L’ex sede della Borsa milanese è stato il contenitore "buono" per il “Quattroruote day”: il mensile dell’automobile italiana ha celebrato la sua festa con ospiti illustri e con un convegno, “Progetto Italia: l’auto oltre la crisi” che come spiega il direttore della testata, Gian Luca Pellegrini, è un titolo su cui interrogarsi se inserire o meno, alla fine, il punto interrogativo. Dettagli redazionali che lasciano spazio, subito, alla convinzione diffusa che la via d’uscita dalla crisi passa dalla politica.

Lo dice, senza troppi giri di parole, Giorgio Squinzi, che invita a «non pensare un futuro senza il comparto dell’automobile» dove lavorano oltre 1 milione di addetti e che consacra ogni anno 3 miliardi di euro nella ricerca e nello sviluppo. Il settore dell’automotive, per il presidente di Confindustria, ha «bisogno di un sostegno agli investimenti che vada oltre a quanto fatto finora dal Governo» che «è insoddisfacente». Serve, ha concluso Squinzi, «un credito strutturale d’imposta che sostenga gli investimenti in ricerca e sviluppo».

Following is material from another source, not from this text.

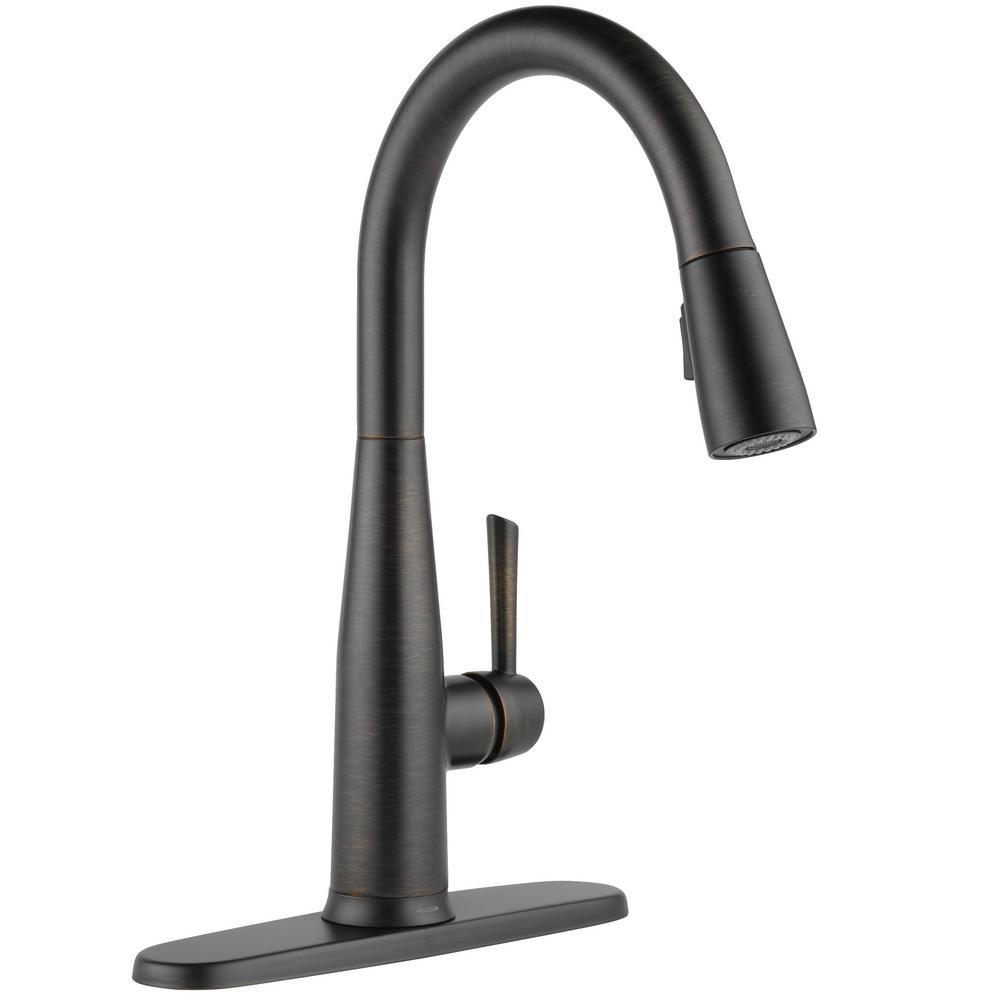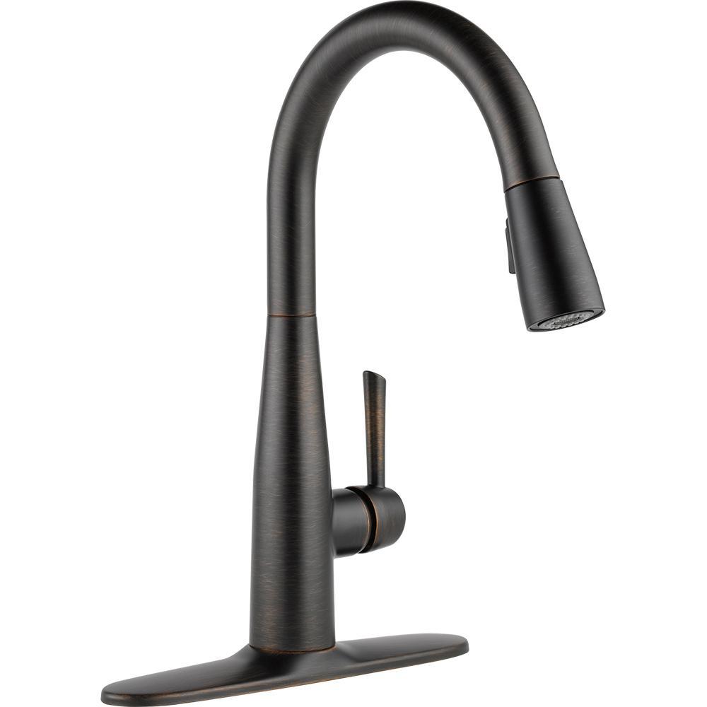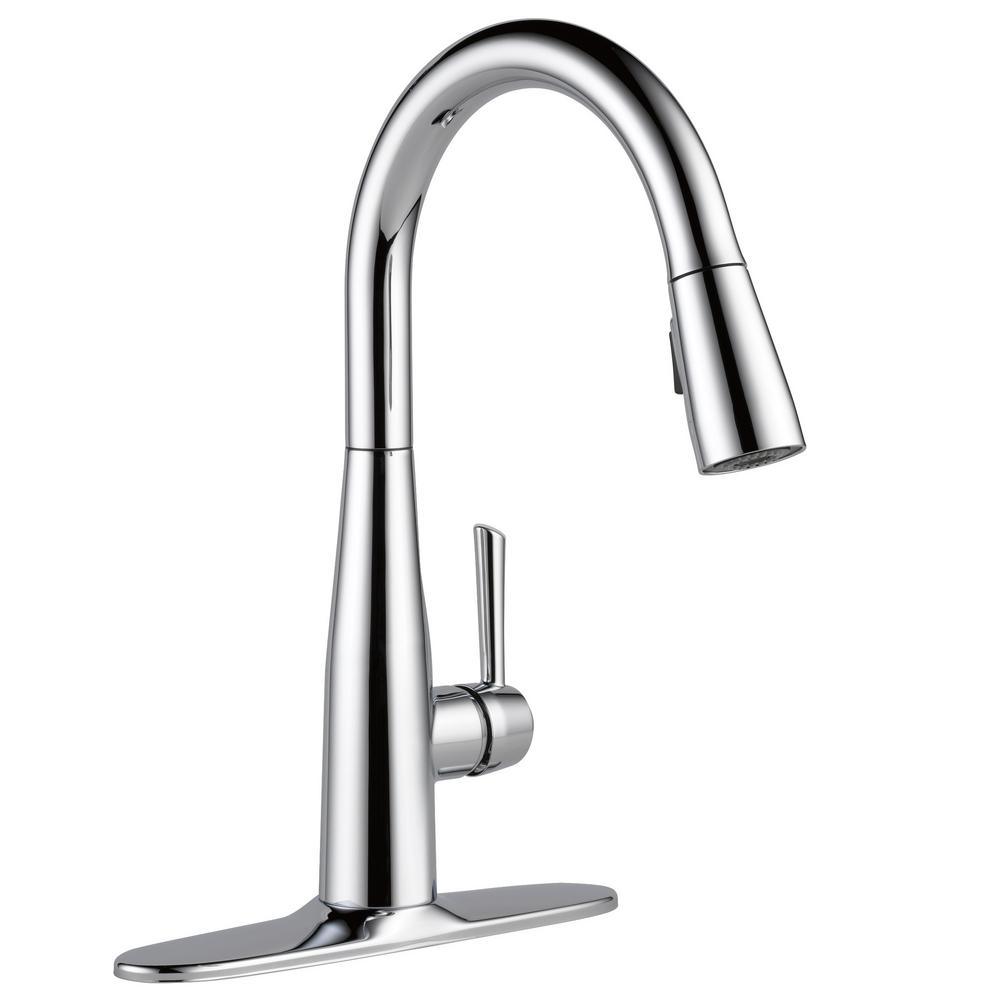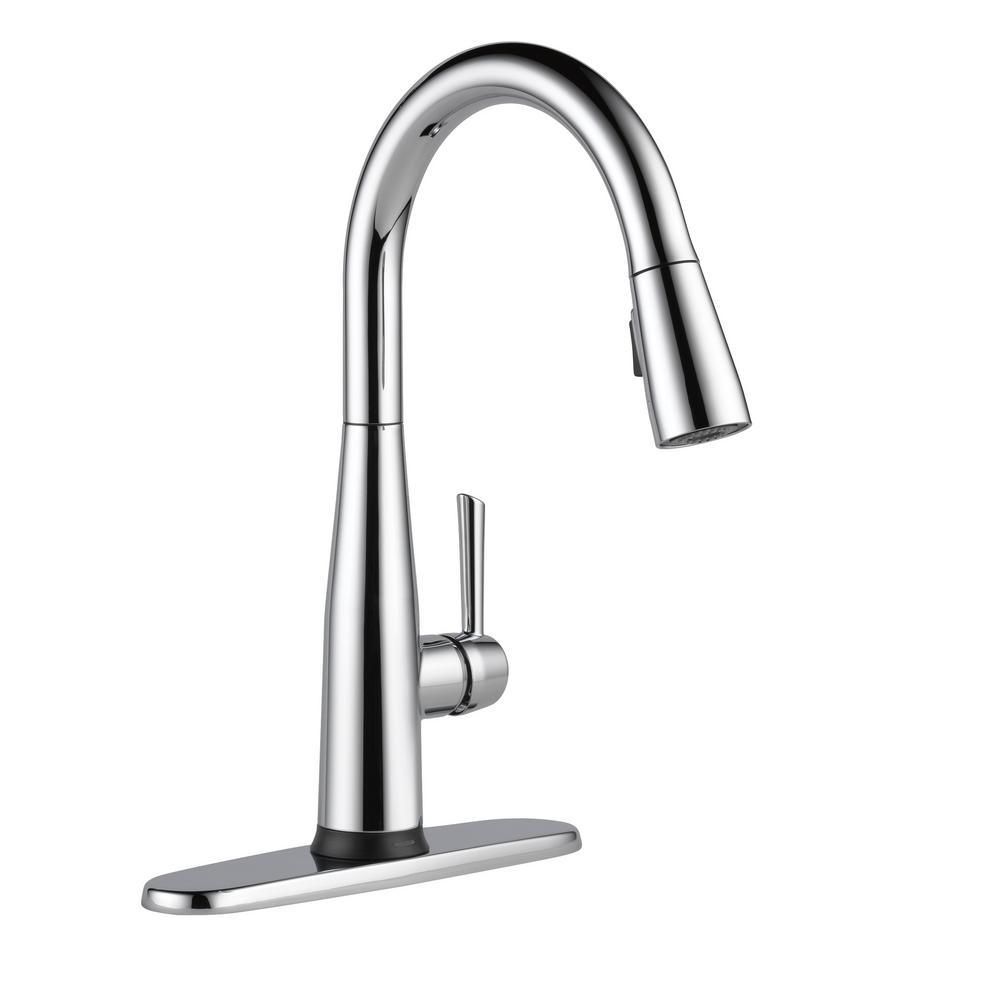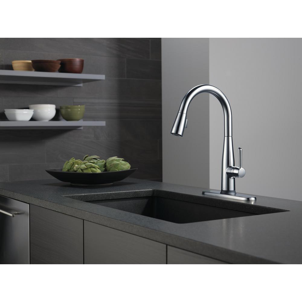 This Essa Touch2O Technology Single-Handle Pull-Down Sprayer Kitchen Faucet in Arctic Stainless with MagnaTite Docking features a soft contemporary take on a euro design, with contemporary and transitional elements. Thoughtfully designed to make kitchen tasks easier, Touch2O Technology allows you to turn the faucet on and off with just a touch anywhere on the faucet's spout or handle. Easily control and change the water temperature above the deck using the faucet handle. TempSense Technology measures the water temperature in the faucet. The LED light at the base of the faucet changes from blue to magenta to red depending upon the temperature of the water to let you know when the water temperature is right for you. A/C adapter EP73954 is available to purchase separately as an option to avoid changing batteries. Even if the adapter is used, batteries are still recommended as a back-up if power goes out. Once power is restored, the solenoid valve will automatically revert back to using A/C power. The pull-down spray wand comes free with a gentle tug and is fed by gravity to extend and retract without friction points. As you raise the wand to dock it, the magnet embedded in the spout pulls the wand precisely into place. MagnaTite keeps your pull-down faucet looking picture-perfect. Delta's exclusive DIAMOND Seal Technology uses a valve with a tough diamond coating.

Sposa senza dubbi la linea, Marco Tronchetti Provera che lega le speranze di ripresa più alle condizioni congiunturali esterne che a quanto fatto dalla politica mentre oggi «non c’è industria dell’auto disposta a venire a investire in Italia». Ma, annota il presidente e Ad di Pirelli, «non ci sono le condizioni per favorire questi investimenti» e se non le si crea «il Paese non cresce». «L’Italia – riflette invece Andrea Bonomi, presidente dell’Industrial Advisory Board – ha un potenziale enorme, soprattutto nella produzione di nicchia e nel settore del lusso» ma «gli investimenti sono frenati dalla burocrazia e dalla mancanza di infrastrutture».